[Task statement]:
Omit the images, then print each record below exactly as it reads.

Entries shown: Begin

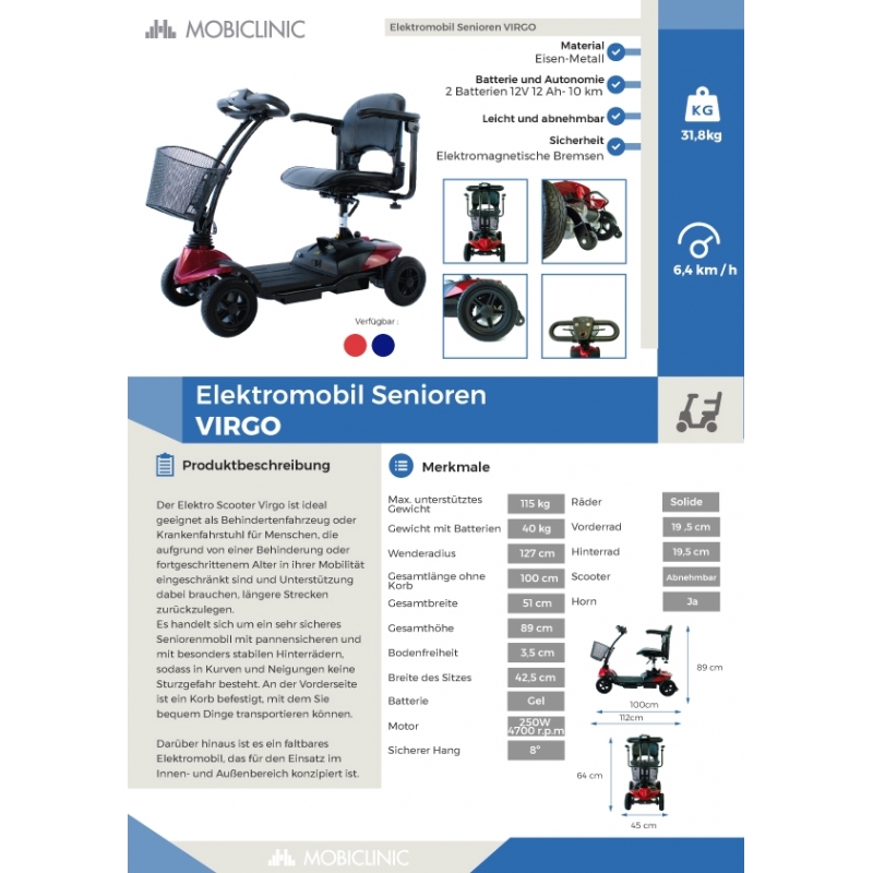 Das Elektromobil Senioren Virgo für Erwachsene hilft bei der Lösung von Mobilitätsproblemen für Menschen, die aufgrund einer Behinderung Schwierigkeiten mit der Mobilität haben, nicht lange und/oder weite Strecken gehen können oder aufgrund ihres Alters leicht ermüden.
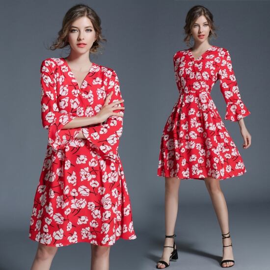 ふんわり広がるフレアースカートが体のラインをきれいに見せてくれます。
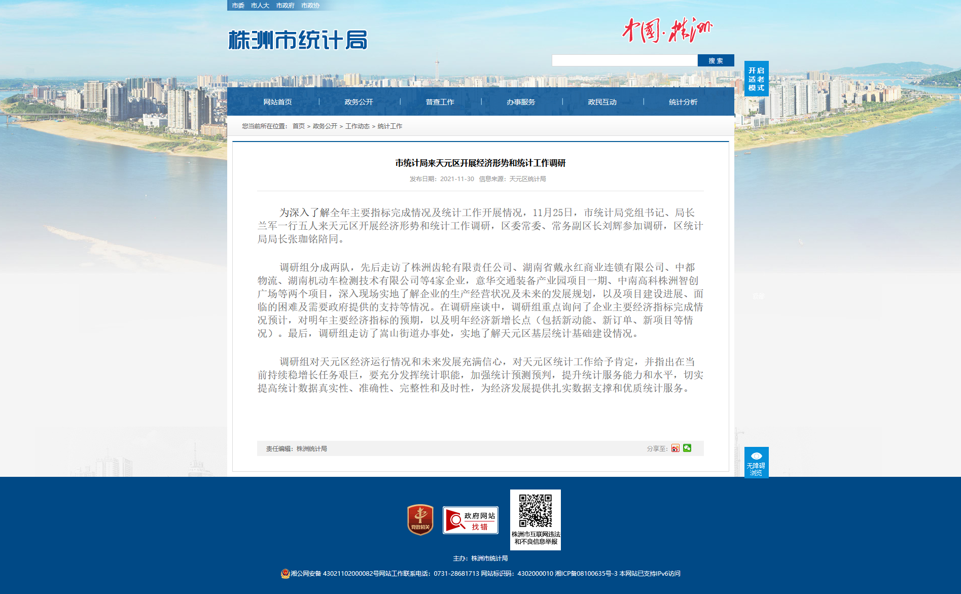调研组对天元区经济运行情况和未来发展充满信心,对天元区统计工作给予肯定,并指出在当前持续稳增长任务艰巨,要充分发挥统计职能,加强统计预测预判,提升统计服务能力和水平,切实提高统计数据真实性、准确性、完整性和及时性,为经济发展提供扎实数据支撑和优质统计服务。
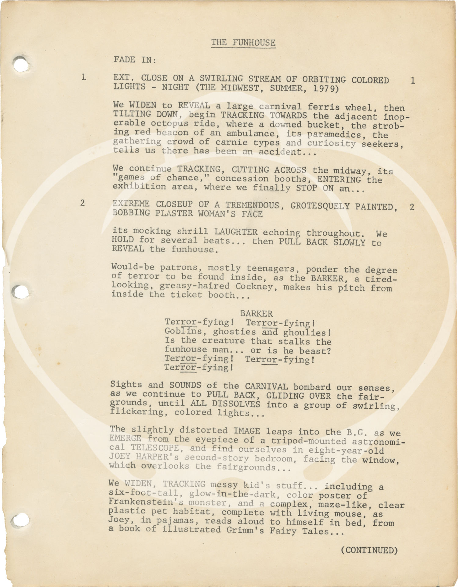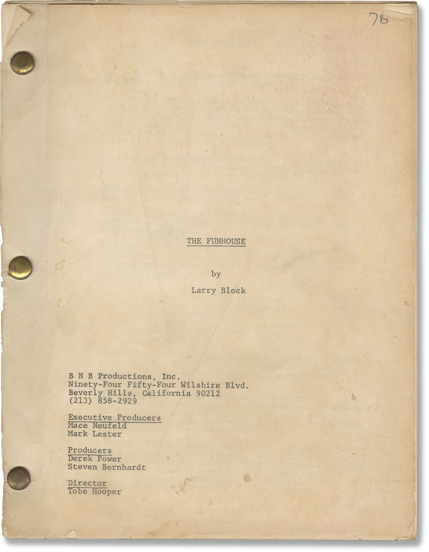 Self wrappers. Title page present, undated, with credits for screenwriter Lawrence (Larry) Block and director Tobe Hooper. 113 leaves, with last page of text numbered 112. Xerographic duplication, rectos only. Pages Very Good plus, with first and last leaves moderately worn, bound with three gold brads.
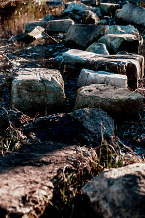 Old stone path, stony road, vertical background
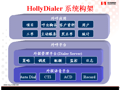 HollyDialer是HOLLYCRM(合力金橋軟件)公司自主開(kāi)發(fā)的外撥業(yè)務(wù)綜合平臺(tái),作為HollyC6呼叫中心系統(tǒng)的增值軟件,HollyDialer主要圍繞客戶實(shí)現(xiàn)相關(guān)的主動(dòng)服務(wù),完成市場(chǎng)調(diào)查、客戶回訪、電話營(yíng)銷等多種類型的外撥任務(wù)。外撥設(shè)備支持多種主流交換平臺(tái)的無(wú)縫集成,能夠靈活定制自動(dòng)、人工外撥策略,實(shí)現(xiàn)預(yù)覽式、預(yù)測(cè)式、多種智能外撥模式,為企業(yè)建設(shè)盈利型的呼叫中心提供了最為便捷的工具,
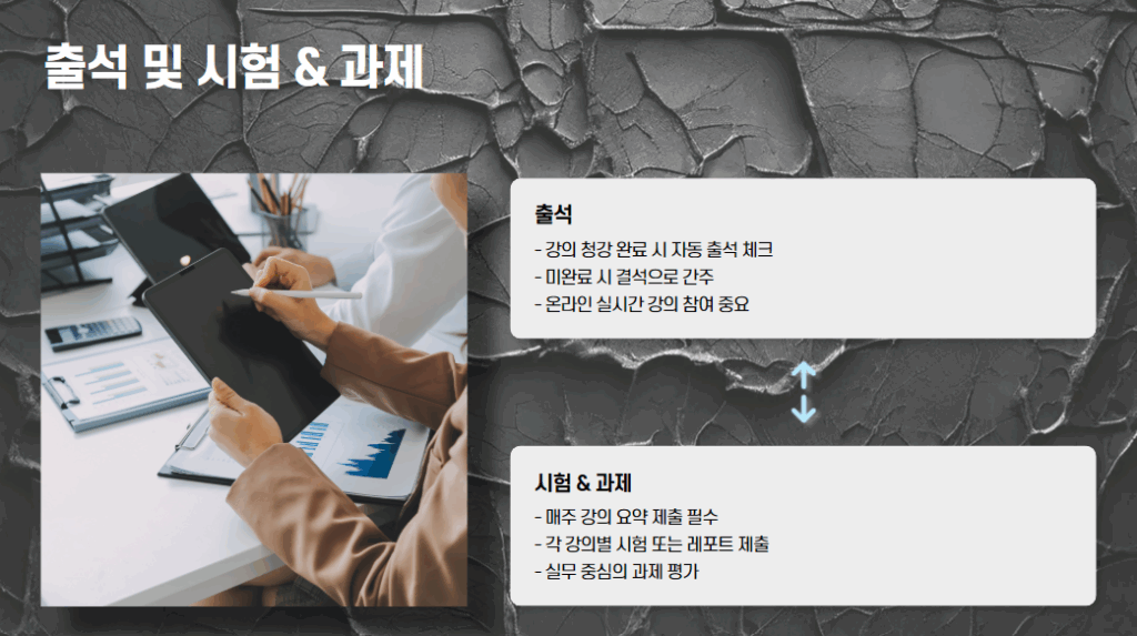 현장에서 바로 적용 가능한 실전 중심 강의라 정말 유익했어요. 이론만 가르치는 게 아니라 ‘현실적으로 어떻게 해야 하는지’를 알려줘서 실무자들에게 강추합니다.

Entries shown: End

[Expected answer]:
 Das Elektromobil Senioren Virgo für Erwachsene hilft bei der Lösung von Mobilitätsproblemen für Menschen, die aufgrund einer Behinderung Schwierigkeiten mit der Mobilität haben, nicht lange und/oder weite Strecken gehen können oder aufgrund ihres Alters leicht ermüden.
 ふんわり広がるフレアースカートが体のラインをきれいに見せてくれます。
调研组对天元区经济运行情况和未来发展充满信心,对天元区统计工作给予肯定,并指出在当前持续稳增长任务艰巨,要充分发挥统计职能,加强统计预测预判,提升统计服务能力和水平,切实提高统计数据真实性、准确性、完整性和及时性,为经济发展提供扎实数据支撑和优质统计服务。
 Self wrappers. Title page present, undated, with credits for screenwriter Lawrence (Larry) Block and director Tobe Hooper. 113 leaves, with last page of text numbered 112. Xerographic duplication, rectos only. Pages Very Good plus, with first and last leaves moderately worn, bound with three gold brads.
 Old stone path, stony road, vertical background
 HollyDialer是HOLLYCRM(合力金橋軟件)公司自主開(kāi)發(fā)的外撥業(yè)務(wù)綜合平臺(tái),作為HollyC6呼叫中心系統(tǒng)的增值軟件,HollyDialer主要圍繞客戶實(shí)現(xiàn)相關(guān)的主動(dòng)服務(wù),完成市場(chǎng)調(diào)查、客戶回訪、電話營(yíng)銷等多種類型的外撥任務(wù)。外撥設(shè)備支持多種主流交換平臺(tái)的無(wú)縫集成,能夠靈活定制自動(dòng)、人工外撥策略,實(shí)現(xiàn)預(yù)覽式、預(yù)測(cè)式、多種智能外撥模式,為企業(yè)建設(shè)盈利型的呼叫中心提供了最為便捷的工具,
 현장에서 바로 적용 가능한 실전 중심 강의라 정말 유익했어요. 이론만 가르치는 게 아니라 ‘현실적으로 어떻게 해야 하는지’를 알려줘서 실무자들에게 강추합니다.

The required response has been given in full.